▸ **Exercise goal**
For the entries that follow, retype exactly the lines from the one containing "גיל פרישה לנשים" to the one containing "This Grey &", inclusive, and only those. Images stay out of the copy.

▸ **Data for analysis**
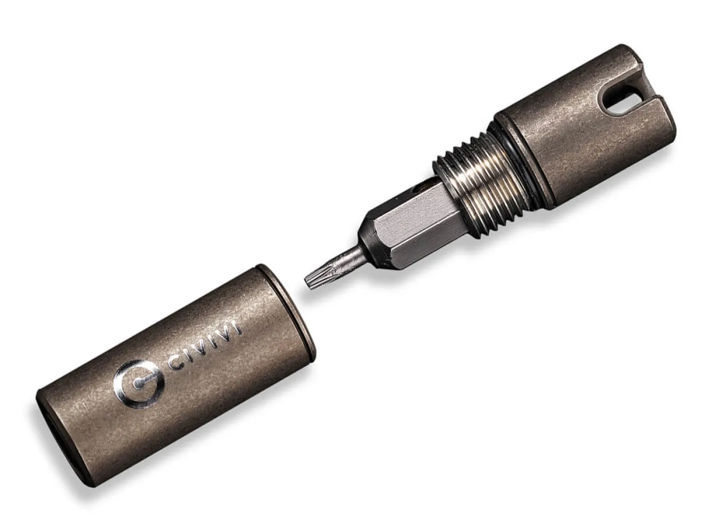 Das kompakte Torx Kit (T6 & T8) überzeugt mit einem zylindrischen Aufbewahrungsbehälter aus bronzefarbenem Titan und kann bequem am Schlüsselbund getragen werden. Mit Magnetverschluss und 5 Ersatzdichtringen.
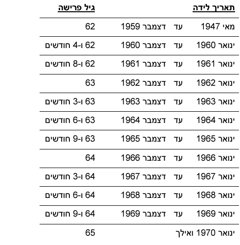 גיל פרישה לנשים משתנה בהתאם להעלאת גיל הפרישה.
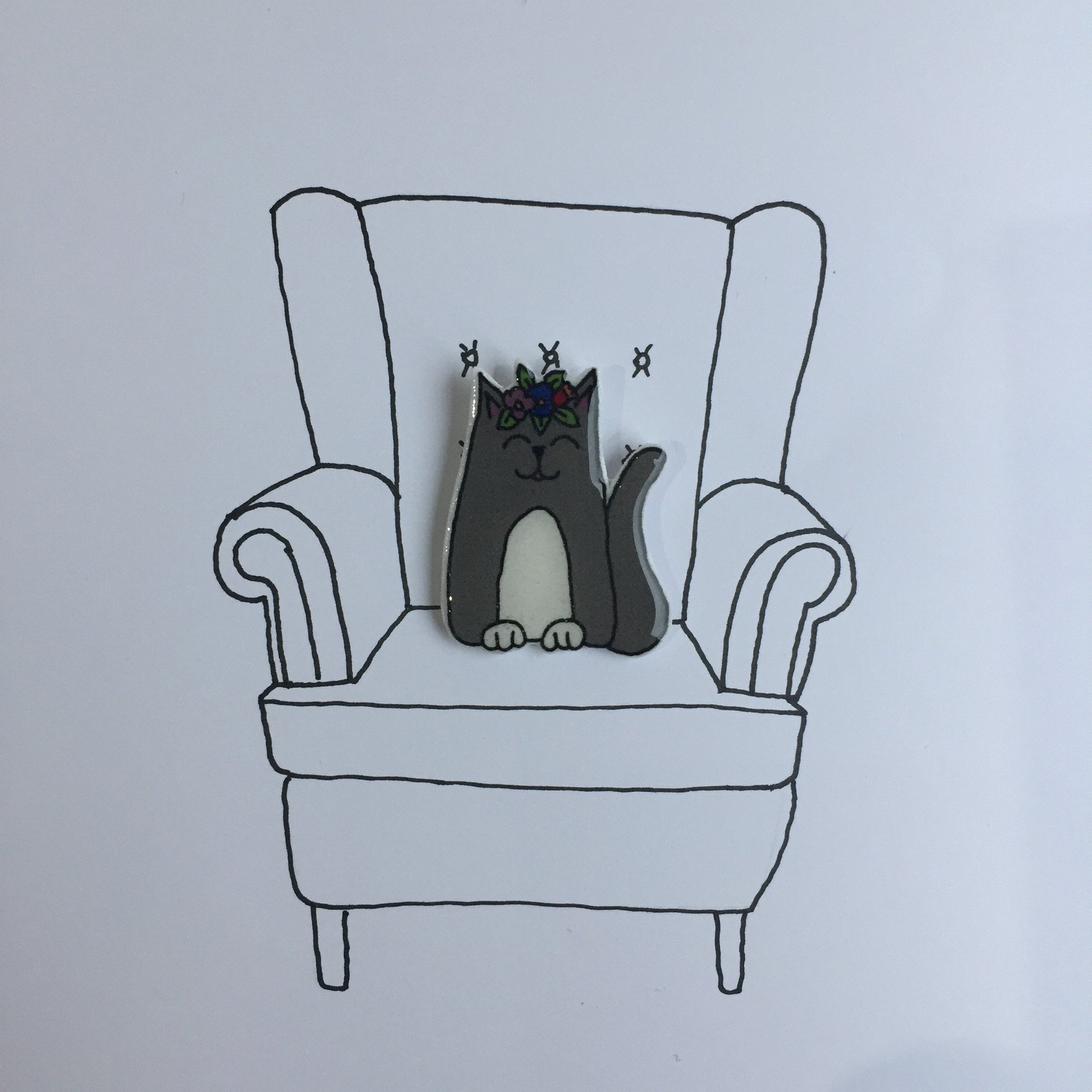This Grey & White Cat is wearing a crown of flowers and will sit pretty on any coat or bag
--
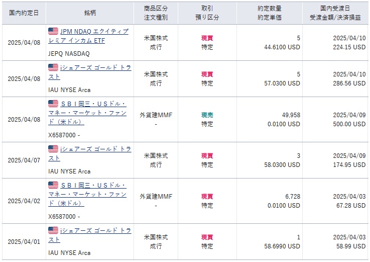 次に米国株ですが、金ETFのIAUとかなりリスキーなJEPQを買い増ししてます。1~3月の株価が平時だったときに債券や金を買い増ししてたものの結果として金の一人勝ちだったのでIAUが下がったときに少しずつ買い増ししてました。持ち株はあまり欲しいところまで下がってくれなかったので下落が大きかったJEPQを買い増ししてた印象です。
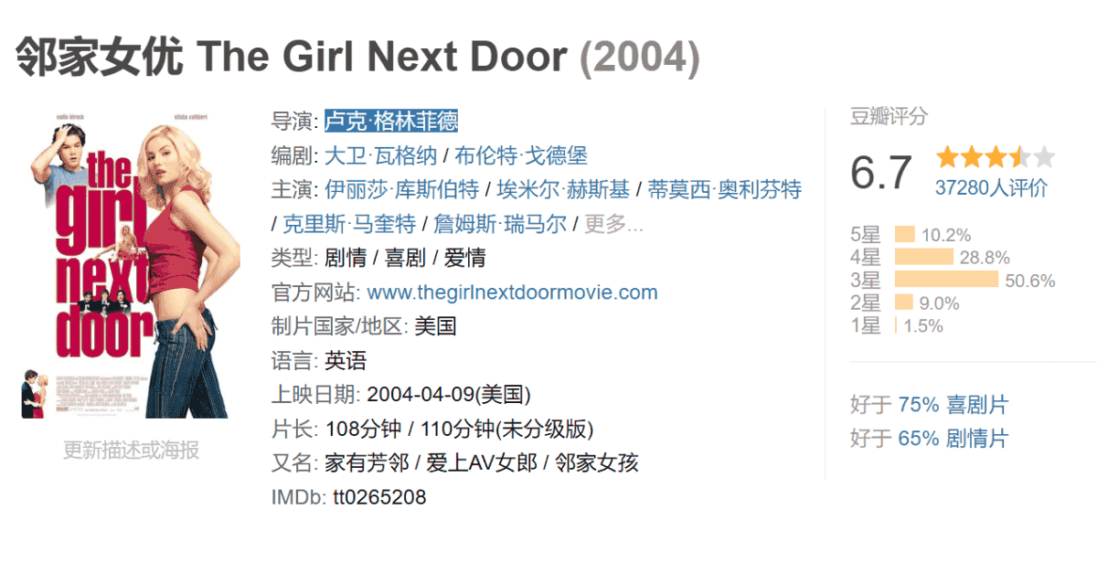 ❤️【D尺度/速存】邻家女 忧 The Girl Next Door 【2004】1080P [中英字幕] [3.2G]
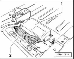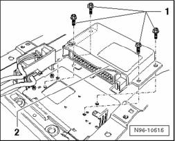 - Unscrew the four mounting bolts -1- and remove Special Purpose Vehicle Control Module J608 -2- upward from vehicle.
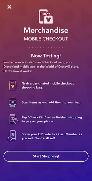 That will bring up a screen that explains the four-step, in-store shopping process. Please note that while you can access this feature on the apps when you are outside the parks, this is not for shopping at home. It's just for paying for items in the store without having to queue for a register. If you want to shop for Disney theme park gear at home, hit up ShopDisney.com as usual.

▸ **Worked solution**
 גיל פרישה לנשים משתנה בהתאם להעלאת גיל הפרישה.
This Grey & White Cat is wearing a crown of flowers and will sit pretty on any coat or bag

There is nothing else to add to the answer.